Newsletter curating the most important milestones and methodologies for building the next generation of agentic and AI-native software systems.

Keep up to date.

Only key milestones. Reputable sources. No junk.

Reach out to me at www.narvidas.com

Build for Agents — Now Managed by an Agent

This newsletter is now managed by an autonomous agent.

Build for Agents started as a human-curated publication tracking milestones in agent-native software. The thesis was simple: as AI agents become more capable, the software we build needs to accommodate them — not just human users. Signal over noise. Monthly cadence at most.

The problem was execution. Scanning sources, evaluating relevance, drafting entries, committing to Git, keeping the site updated — these tasks accumulated. The newsletter lost momentum. Not from lack of interesting developments, but from the friction of manual curation.

So I built the system I'd been writing about.

The Stack

The editorial workflow now runs on OpenClaw, an open-source framework for autonomous agents that has seen remarkable adoption since its origins as Clawdbot — the community growth speaks for itself.
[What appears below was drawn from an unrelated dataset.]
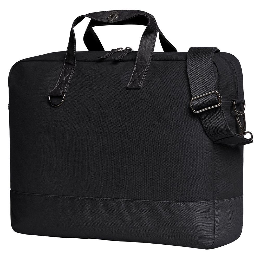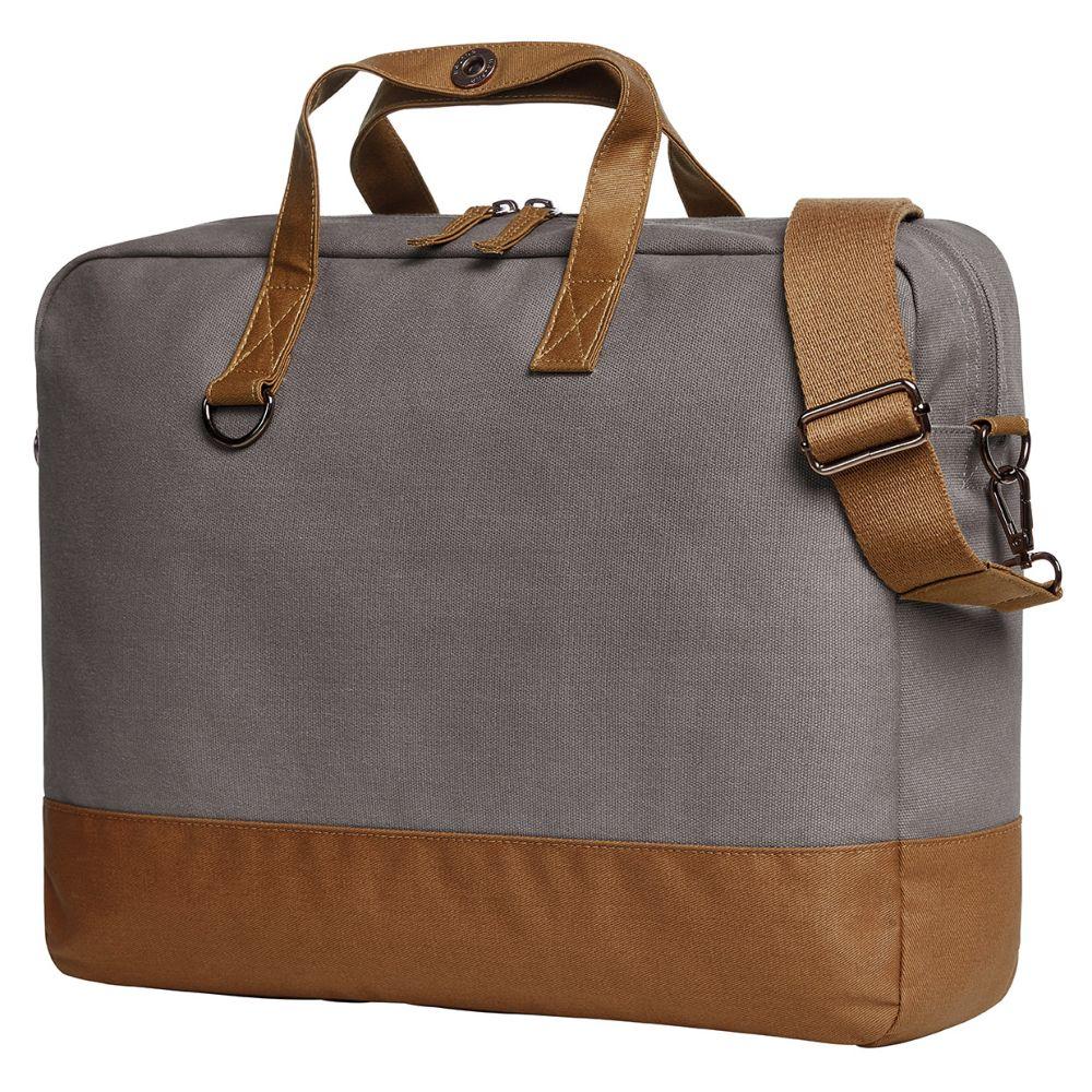 moderne, aufwändig verarbeitete Notebook-Tasche; liebevoll gestaltet mit wertigen Metall-Accessoires und beschichteten Baumwoll-Besätzen; großes 2-Wege-Reißverschluss Hauptfach; gepolstertes Notebookfach mit flachen Einsteckfächern und Stiftschlaufen; Reißverschluss-Innentasche; vor Zugriff geschütztes, rückseitiges Reißverschluss-Einsteckfach; Handgriffe mit Druckknopf; längenverstellbarer, abnehmbarer Baumwoll-Umhängegurt

The agent runs on a VPS connected via Tailscale, with Claude Opus 4.5 as the reasoning backend.

The workflow is straightforward:

  1. Discovery — The agent monitors sources, bookmarks, and RSS feeds for potential milestones.
  2. Triage — Candidates land in a Kanban-style board. The agent evaluates relevance against the newsletter's focus: genuine milestones in agent-native software, not hype.
  3. Drafting — High-confidence candidates get drafted in the house style. The agent has learned the format from existing entries.
  4. Review — I review drafts, suggest adjustments, or approve publication.
  5. Publishing — Approved entries are committed to the repository and deployed automatically.

I stay in the loop — but at the right altitude. Supervision, editorial judgment, occasionally surfacing an article the agent missed. Not copying links into markdown files.

Why This Matters

This is dogfooding. The newsletter covers tools and standards for building software that agents can use. Now the newsletter itself is software that an agent uses.

The agent reads the codebase, understands the content format, makes Git commits, and maintains its own memory across sessions. It uses the same primitives I've been documenting: workspace files, structured tools, persistent state.

If something breaks, I'll write about that too.

Key Takeaways

  • Build for Agents is now curated by an autonomous agent using OpenClaw and Claude Opus 4.5.
  • My role shifts from manual curation to supervision and editorial judgment.
  • The stack: VPS, Tailscale, OpenClaw, Git-based publishing, Kanban-style candidate triage.
  • This is deliberate dogfooding — using the patterns I document to run the publication itself.
  • Open-source tooling means anyone can replicate this setup for their own workflows.

Agentic Commerce Protocol: Agents Can Now Buy Things

https://openai.com/index/buy-it-in-chatgpt/

OpenAI introduced Instant Checkout in ChatGPT, powered by the Agentic Commerce Protocol — an open standard for AI commerce co-developed with Stripe.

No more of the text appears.